More (allocation) error checking fix a type

Signed-off-by: Otto Moerbeek <otto.moerbeek@open-xchange.com>
---

diff --git a/pdns/base64.cc b/pdns/base64.cc
index 0609385797..5eb10a70c1 100644
--- a/pdns/base64.cc
+++ b/pdns/base64.cc
@@ -19,31 +19,44 @@
  * along with this program; if not, write to the Free Software
  * Foundation, Inc., 51 Franklin Street, Fifth Floor, Boston, MA 02110-1301 USA.
  */
-#ifdef HAVE_CONFIG_H
+
 #include "config.h"
-#endif
+
 #include "base64.hh"
 #include <stdexcept>
 #include <boost/scoped_array.hpp>
 #include <openssl/bio.h>
 #include <openssl/evp.h>
 
-template<typename Container> int B64Decode(const std::string& src, Container& dst)
+
+template <typename Container> int B64Decode(const std::string& src, Container& dst)
 {
   if (src.empty() ) {
     dst.clear();
     return 0;
   }
-  int dlen = ( src.length() * 6 + 7 ) / 8 ;
-  ssize_t olen = 0;
+  // check if the dlen computation might overflow or it does not fit into an int (for IO_write)

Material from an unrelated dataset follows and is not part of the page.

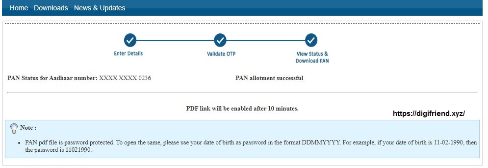 Successfully Submit Details and Waiting for 10 Min of Download online Pan Card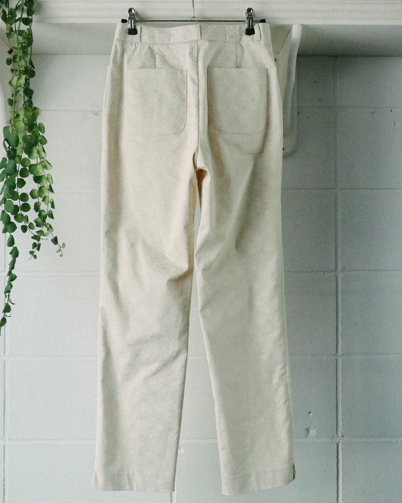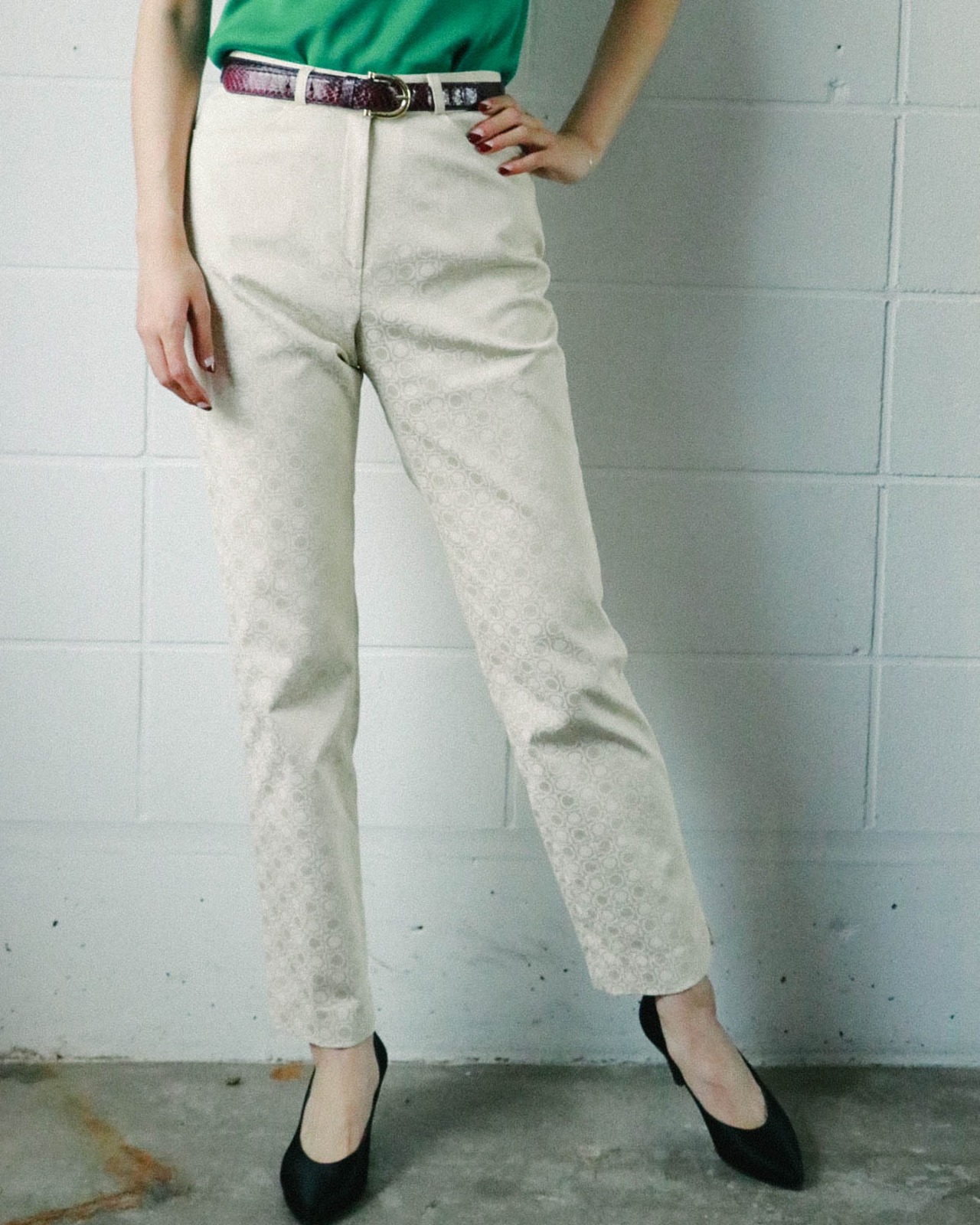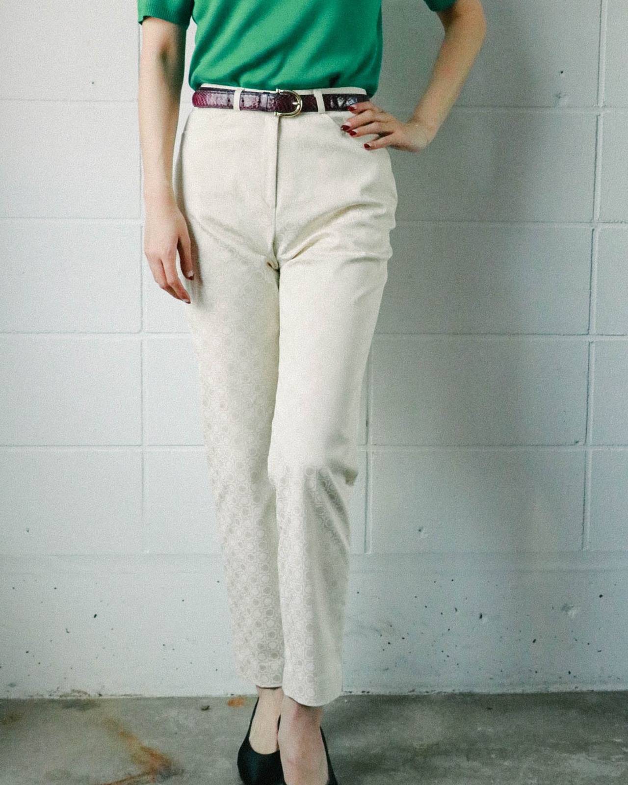 こちらはオフホワイトのプリントになったハイウエスト のパンツ

+  if (src.length() > std::numeric_limits<size_t>::max() / 7 || src.length() > std::numeric_limits<int>::max()) {
+    throw std::runtime_error("B64Decode too large");
+  }
+  const size_t dlen = (src.length() * 6 + 7) / 8 ;
   dst.resize(dlen);
-  BIO *bio, *b64;
-  bio = BIO_new(BIO_s_mem());
-  BIO_write(bio, src.c_str(), src.length());
-  b64 = BIO_new(BIO_f_base64());
+  BIO* bio = BIO_new(BIO_s_mem());
+  if (bio == nullptr) {
+    throw std::runtime_error("BIO_new failed");
+  }
+  if (BIO_write(bio, src.c_str(), src.length()) != static_cast<int>(src.length())) {
+    BIO_free_all(bio);
+    throw std::runtime_error("BIO_write failed");
+  }
+  BIO* b64 = BIO_new(BIO_f_base64());
+  if (b64 == nullptr) {
+    BIO_free_all(bio);
+    throw std::runtime_error("BIO_new failed");
+  }
   bio = BIO_push(b64, bio);
   BIO_set_flags(bio, BIO_FLAGS_BASE64_NO_NL);
-  olen = BIO_read(b64, &dst.at(0), dlen);
+  ssize_t olen = BIO_read(b64, &dst.at(0), dlen);
   if ((olen == 0 || olen == -1) && BIO_should_retry(bio)) {
     BIO_free_all(bio);
     throw std::runtime_error("BIO_read failed to read all data from memory buffer");
@@ -61,10 +74,15 @@ template int B64Decode<std::string>(const std::string& strInput, std::string& st
 std::string Base64Encode(const std::string& src)
 {
   if (!src.empty()) {
-    size_t olen = 0;
-    BIO *bio, *b64;
-    b64 = BIO_new(BIO_f_base64());
-    bio = BIO_new(BIO_s_mem());
+    BIO* b64 = BIO_new(BIO_f_base64());
+    if (b64 == nullptr) {
+      throw std::runtime_error("BIO_new failed");
+    }
+    BIO* bio = BIO_new(BIO_s_mem());
+    if (bio == nullptr) {
+      BIO_free_all(b64);
+      std::runtime_error("BIO_new failed");
+    }
     bio = BIO_push(b64, bio);
     BIO_set_flags(bio, BIO_FLAGS_BASE64_NO_NL);
     int bioWriteRet = BIO_write(bio, src.c_str(), src.length());
@@ -75,7 +93,7 @@ std::string Base64Encode(const std::string& src)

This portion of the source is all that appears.